Problem requirements: Would you repeat word for word the lines of the listing that follows, from the one with "Rozpoczęły się prace" up to and including the one with "Family Medicine Natures", and leave out the images?

Data for this task:
● ● ● ● ● ● ●

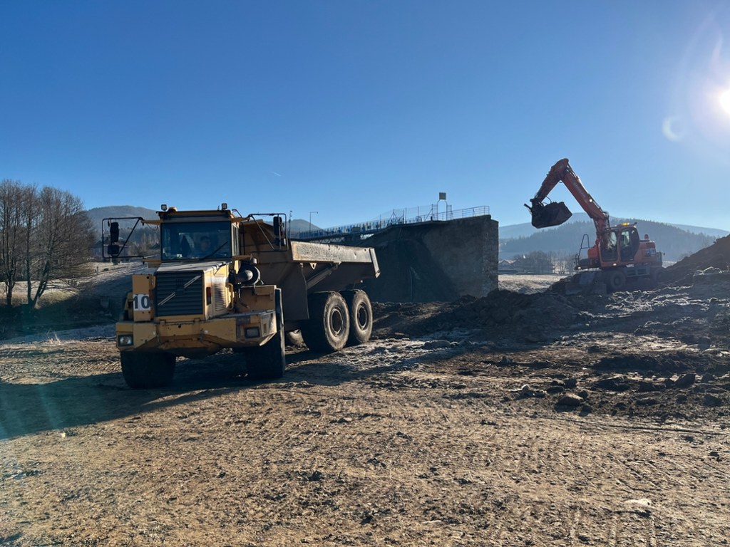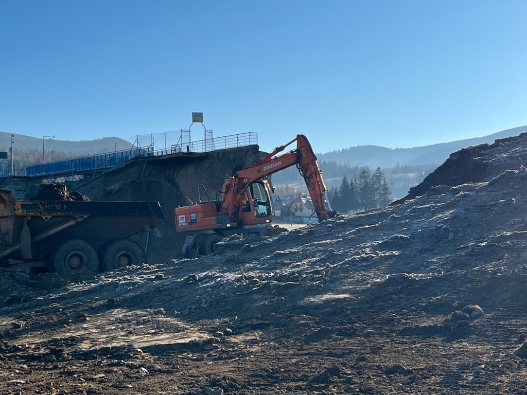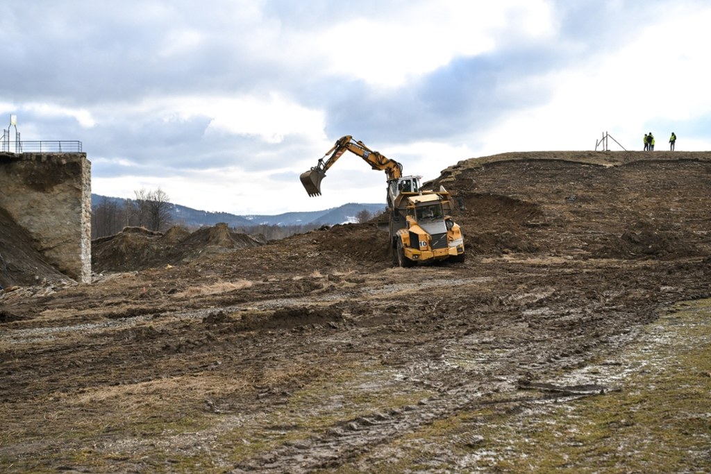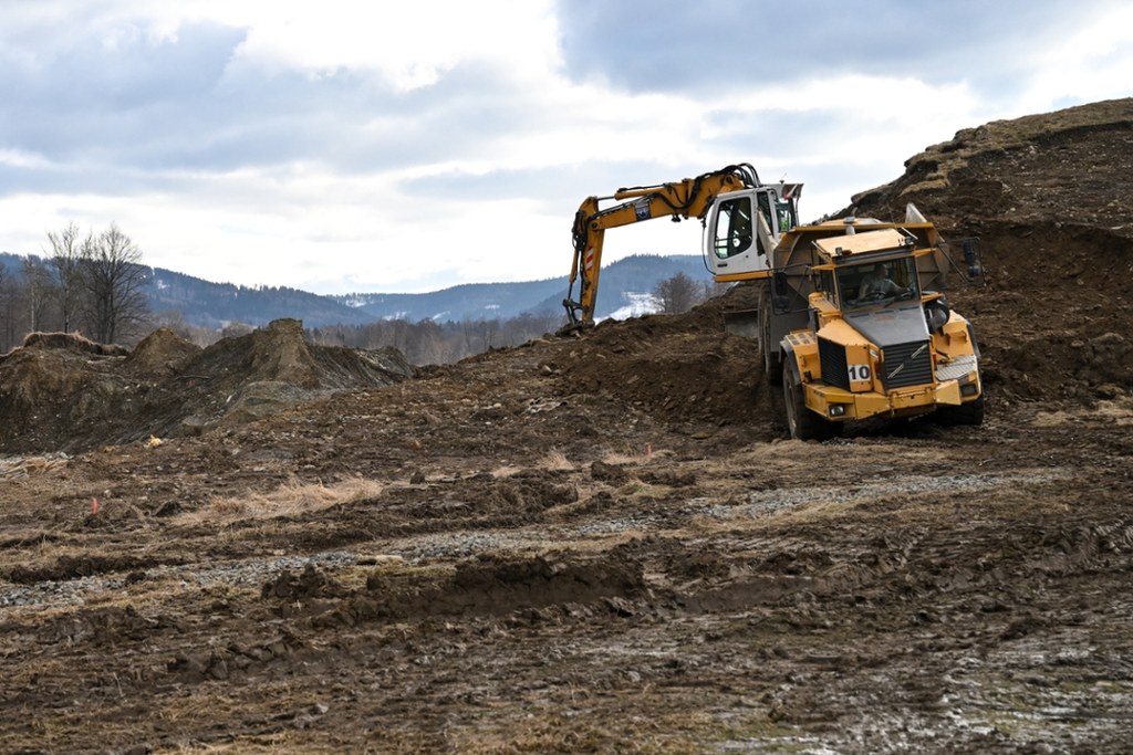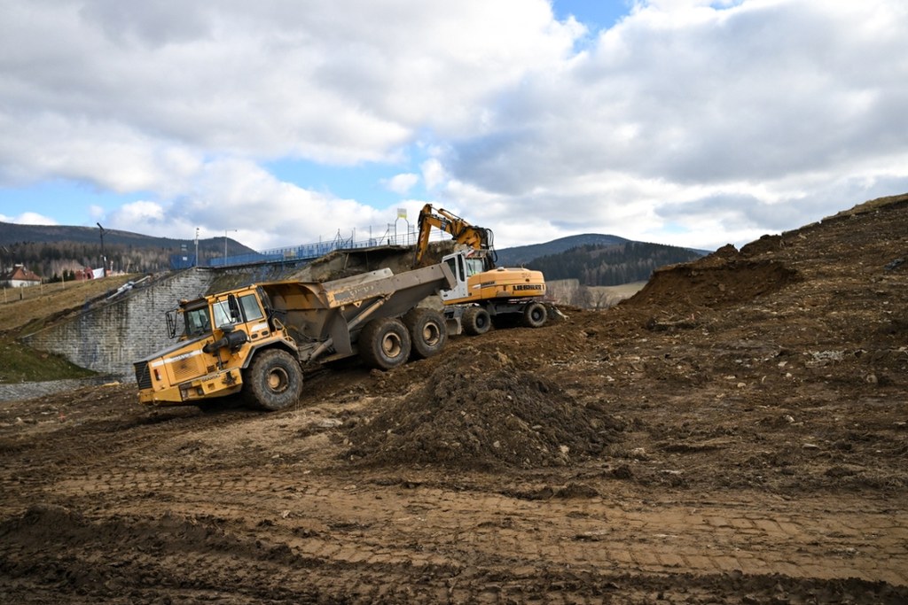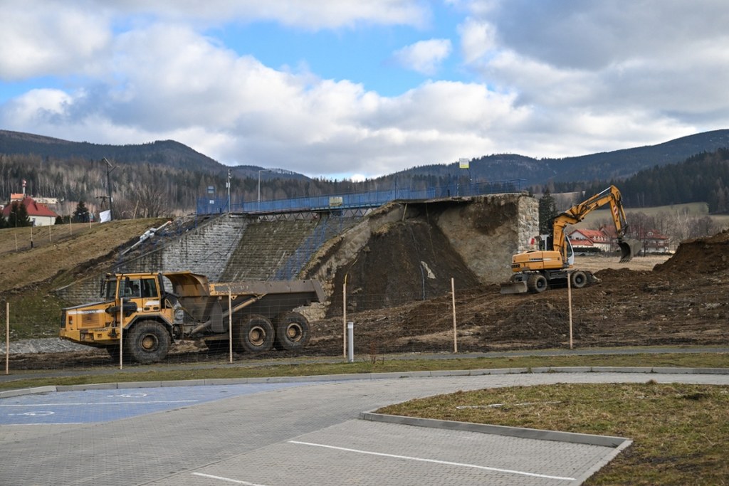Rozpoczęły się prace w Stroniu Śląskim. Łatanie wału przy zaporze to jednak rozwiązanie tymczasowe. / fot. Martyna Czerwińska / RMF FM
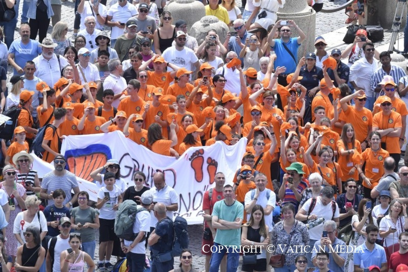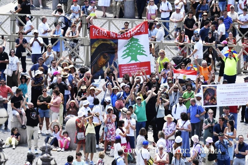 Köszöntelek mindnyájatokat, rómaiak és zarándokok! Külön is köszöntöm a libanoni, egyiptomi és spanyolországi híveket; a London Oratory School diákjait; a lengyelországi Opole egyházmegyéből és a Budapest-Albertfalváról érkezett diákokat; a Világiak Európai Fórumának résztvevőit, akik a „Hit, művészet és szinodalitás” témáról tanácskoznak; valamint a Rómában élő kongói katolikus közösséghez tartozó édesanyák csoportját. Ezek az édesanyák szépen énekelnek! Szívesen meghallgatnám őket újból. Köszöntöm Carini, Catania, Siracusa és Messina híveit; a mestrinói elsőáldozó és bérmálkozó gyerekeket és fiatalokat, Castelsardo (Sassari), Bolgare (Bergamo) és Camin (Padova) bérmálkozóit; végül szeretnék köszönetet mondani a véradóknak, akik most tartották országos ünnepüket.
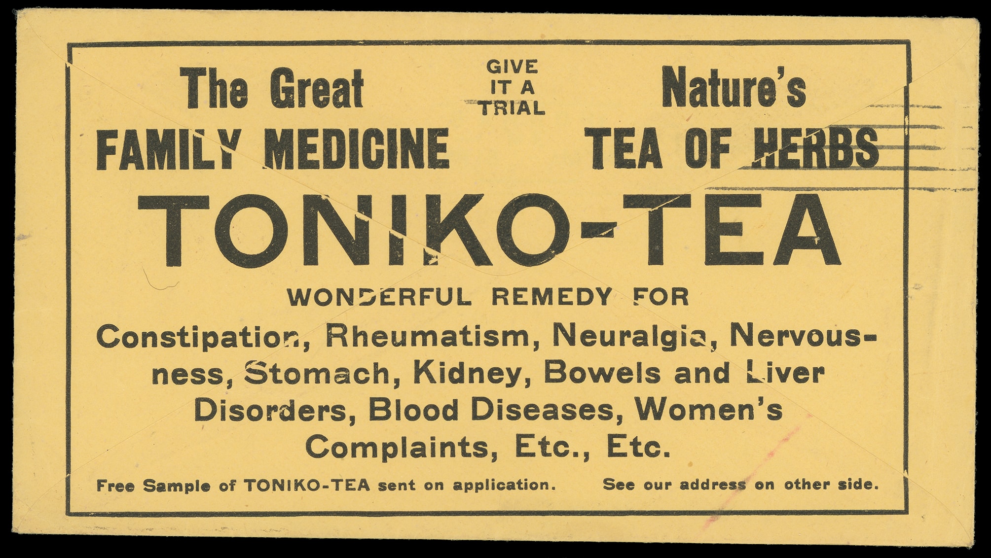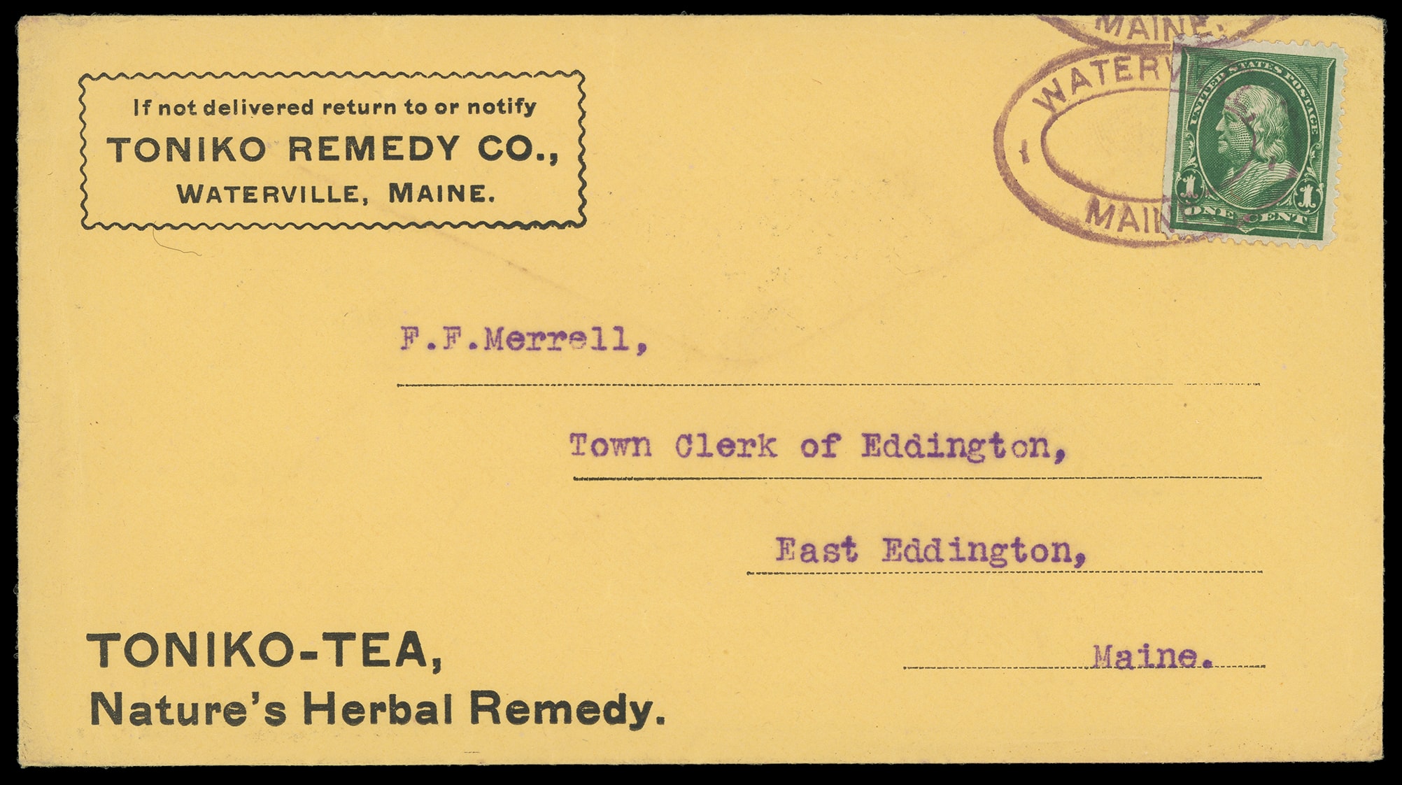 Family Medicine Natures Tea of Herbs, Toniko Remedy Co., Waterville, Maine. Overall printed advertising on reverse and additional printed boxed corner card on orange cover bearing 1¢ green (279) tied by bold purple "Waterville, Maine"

● ● ● ● ● ● ●

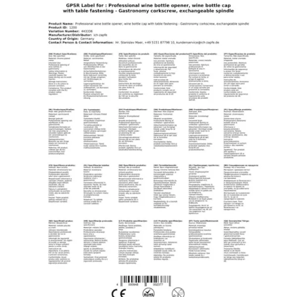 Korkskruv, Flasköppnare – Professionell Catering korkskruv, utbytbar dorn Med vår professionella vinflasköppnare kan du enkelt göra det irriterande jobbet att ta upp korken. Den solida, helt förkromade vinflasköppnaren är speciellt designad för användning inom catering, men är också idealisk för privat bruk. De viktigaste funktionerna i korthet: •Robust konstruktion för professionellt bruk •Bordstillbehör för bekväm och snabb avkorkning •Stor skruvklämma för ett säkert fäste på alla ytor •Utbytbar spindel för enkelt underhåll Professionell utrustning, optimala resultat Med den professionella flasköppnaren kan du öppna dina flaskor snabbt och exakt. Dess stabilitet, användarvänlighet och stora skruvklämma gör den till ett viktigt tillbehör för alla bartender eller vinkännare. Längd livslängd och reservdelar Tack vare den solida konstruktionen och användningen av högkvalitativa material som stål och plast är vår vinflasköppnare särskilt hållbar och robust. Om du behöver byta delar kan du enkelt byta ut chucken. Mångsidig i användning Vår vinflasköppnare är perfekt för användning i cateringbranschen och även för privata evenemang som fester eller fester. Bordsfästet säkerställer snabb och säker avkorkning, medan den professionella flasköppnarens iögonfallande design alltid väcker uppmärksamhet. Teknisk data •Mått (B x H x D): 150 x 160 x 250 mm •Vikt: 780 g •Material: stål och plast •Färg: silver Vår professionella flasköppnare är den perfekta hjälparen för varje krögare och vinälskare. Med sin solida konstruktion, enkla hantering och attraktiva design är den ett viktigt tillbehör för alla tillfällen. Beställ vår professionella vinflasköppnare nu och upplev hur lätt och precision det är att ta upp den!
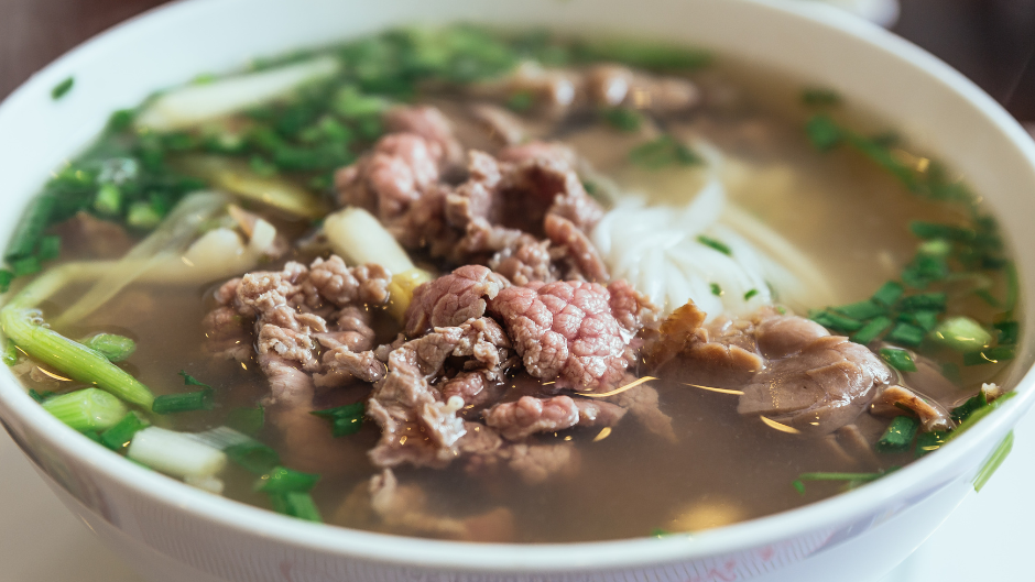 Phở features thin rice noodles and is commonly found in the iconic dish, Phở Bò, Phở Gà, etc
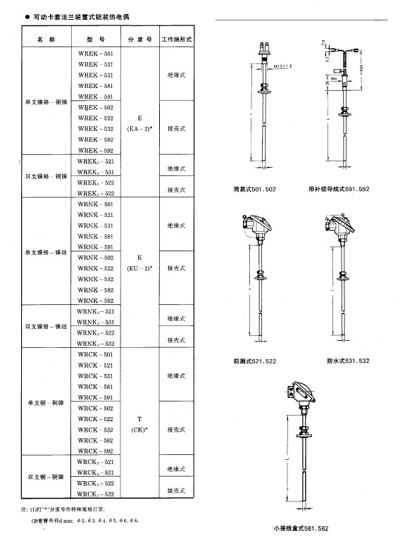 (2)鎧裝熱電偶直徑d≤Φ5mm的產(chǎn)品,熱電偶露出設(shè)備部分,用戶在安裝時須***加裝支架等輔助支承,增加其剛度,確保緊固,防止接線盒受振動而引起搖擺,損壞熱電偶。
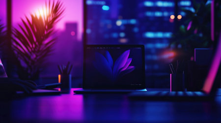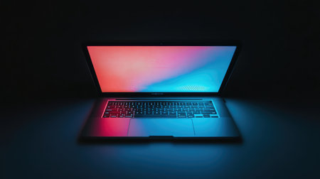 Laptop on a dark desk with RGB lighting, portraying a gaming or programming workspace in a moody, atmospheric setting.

● ● ● ● ● ● ●

Task response:
Rozpoczęły się prace w Stroniu Śląskim. Łatanie wału przy zaporze to jednak rozwiązanie tymczasowe. / fot. Martyna Czerwińska / RMF FM
 Köszöntelek mindnyájatokat, rómaiak és zarándokok! Külön is köszöntöm a libanoni, egyiptomi és spanyolországi híveket; a London Oratory School diákjait; a lengyelországi Opole egyházmegyéből és a Budapest-Albertfalváról érkezett diákokat; a Világiak Európai Fórumának résztvevőit, akik a „Hit, művészet és szinodalitás” témáról tanácskoznak; valamint a Rómában élő kongói katolikus közösséghez tartozó édesanyák csoportját. Ezek az édesanyák szépen énekelnek! Szívesen meghallgatnám őket újból. Köszöntöm Carini, Catania, Siracusa és Messina híveit; a mestrinói elsőáldozó és bérmálkozó gyerekeket és fiatalokat, Castelsardo (Sassari), Bolgare (Bergamo) és Camin (Padova) bérmálkozóit; végül szeretnék köszönetet mondani a véradóknak, akik most tartották országos ünnepüket.
 Family Medicine Natures Tea of Herbs, Toniko Remedy Co., Waterville, Maine. Overall printed advertising on reverse and additional printed boxed corner card on orange cover bearing 1¢ green (279) tied by bold purple "Waterville, Maine"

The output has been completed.